Author/Authors :
Sayyadi, Shahram Departments of Anesthesiology and Orthopedic Surgery and Traumatology - Imam Hossein Medical Center - Shahid Beheshti University of Medical Sciences, Tehran, Iran , Omidian, Mohammad Mahdi Departments of Anesthesiology and Orthopedic Surgery and Traumatology - Imam Hossein Medical Center - Shahid Beheshti University of Medical Sciences, Tehran, Iran , Pourmojarab, Ali Departments of Anesthesiology and Orthopedic Surgery and Traumatology - Imam Hossein Medical Center - Shahid Beheshti University of Medical Sciences, Tehran, Iran , Pourmojarab, Ali Departments of Anesthesiology and Orthopedic Surgery and Traumatology - Imam Hossein Medical Center - Shahid Beheshti University of Medical Sciences, Tehran, Iran , Khodayi, Abouzar Departments of Anesthesiology and Orthopedic Surgery and Traumatology - Imam Hossein Medical Center - Shahid Beheshti University of Medical Sciences, Tehran, Iran , Baroutkoub, Mojtaba Departments of Anesthesiology and Orthopedic Surgery and Traumatology - Imam Hossein Medical Center - Shahid Beheshti University of Medical Sciences, Tehran, Iran , Salimi, Sohrab Departments of Anesthesiology and Orthopedic Surgery and Traumatology - Imam Hossein Medical Center - Shahid Beheshti University of Medical Sciences, Tehran, Iran , Manafi Rasi, Alireza Departments of Anesthesiology and Orthopedic Surgery and Traumatology - Imam Hossein Medical Center - Shahid Beheshti University of Medical Sciences, Tehran, Iran
Abstract :
Background: The present study aims to evaluate the diagnostic exactitude of the intraoperative
Chertsey test in tibiofibular syndesmotic injuries in patients with malleolar fractures, in comparison
with a computed tomography (CT) scan. Materials and Methods: In this study, patients with
malleolar fractures operated between 2018 and 2020 were examined. Thirty‐nine patients were
enrolled in the study. A three‐dimensional preoperative CT scan was obtained. The opposite
unfractured ankle was also scanned and considered as the control group. The Chertsey test was
performed during the operation to assess the syndesmosis injury. Then, patients were partitioned into
two distinct groups, considering the condition of their ankle, namely the Chertsey positive (unstable
syndesmosis) group and the Chertsey negative (stable syndesmosis) group.

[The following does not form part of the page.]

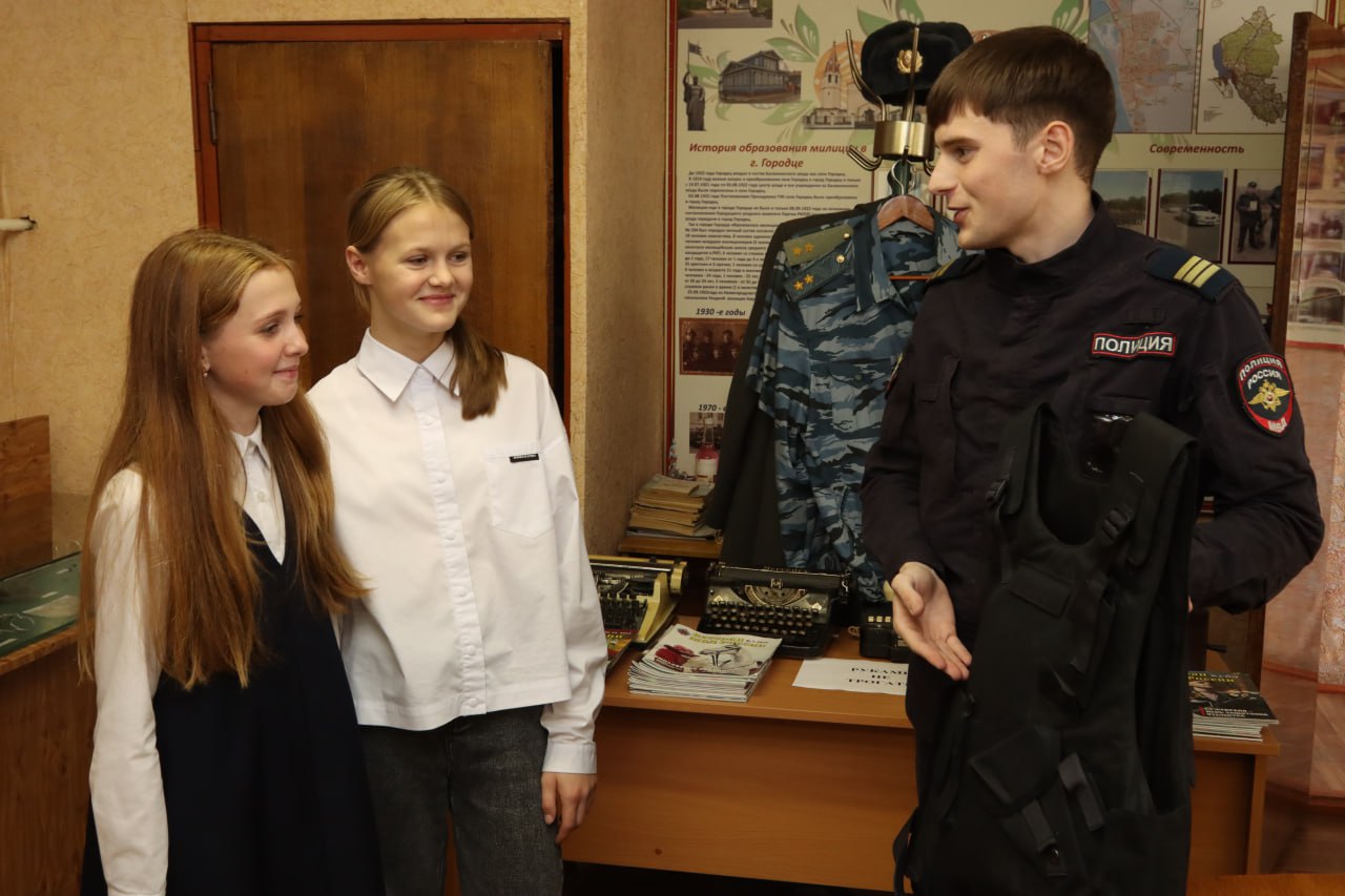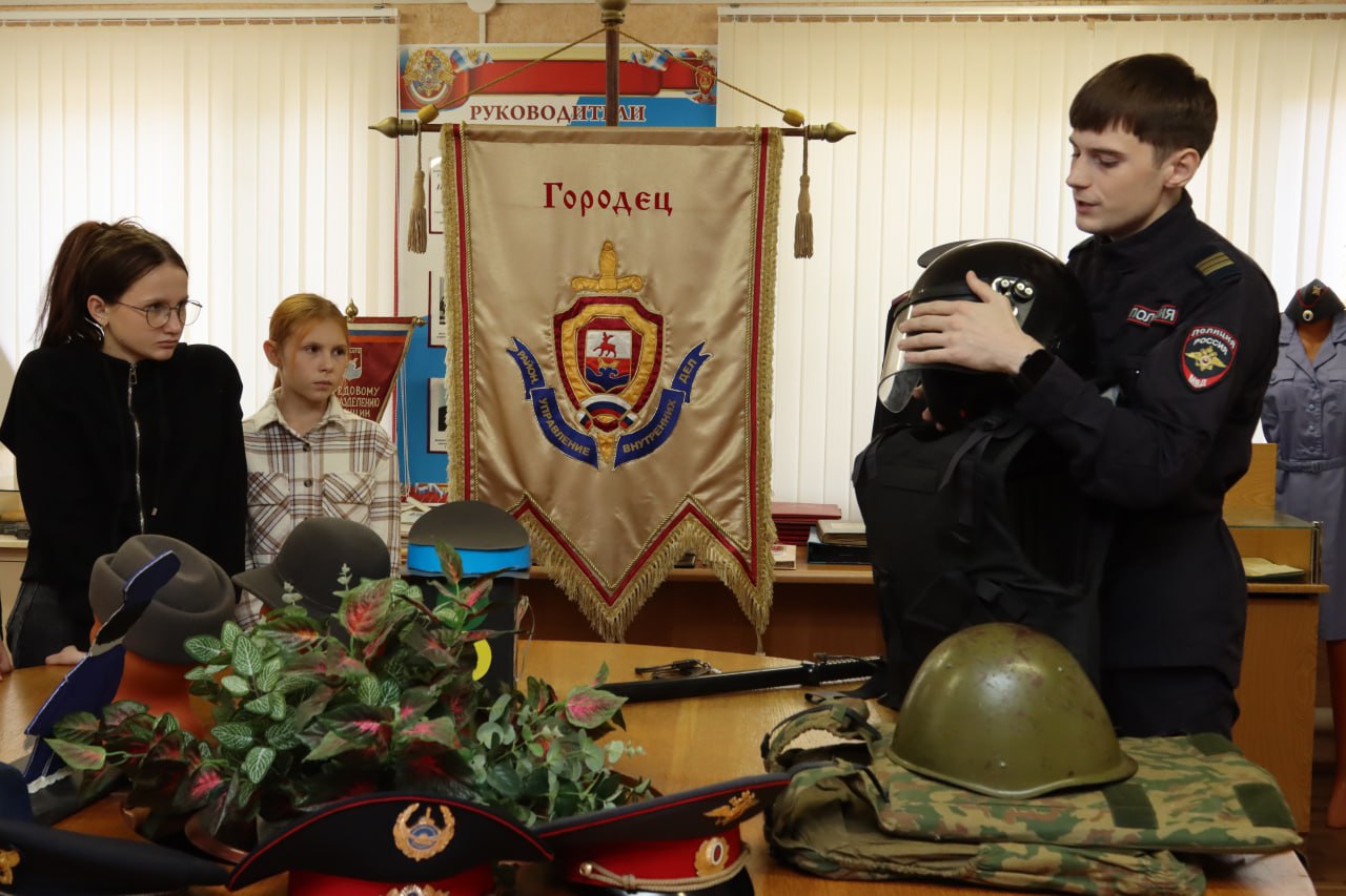 Кроме того, полицейские пригласили школьников посетить отдел полиции, где специально для гостей организовали увлекательную экскурсию по музею ОВД.Ребята познакомились с историей городецкого отдела, увидели настоящие экспонаты прошлого века и даже смогли примерить экипировку современных сотрудников полиции.

Results: The outcomes
of the present survey illustrated that the Chertsey test was positive in 16 patients (41.03%) and
negative in 23 patients (59.07%). The median of all CT scan parameters (anterior tibiofibular
distances (TFD), middle TFD, posterior TFD, and maximal TFD and volume) before surgery in
the group of patients with a positive Chertsey test was significantly higher, measured against the
unfractured control group (P < 0.001 for all parameters). Furthermore, a comparison of CT scan
parameters and syndesmosis space volume before surgery between the two groups of patients
with positive and negative Chertsey test results showed that the measurement of parameters in
Chertsey‐positive patients was significantly higher than the Chertsey‐negative patients (P < 0.001).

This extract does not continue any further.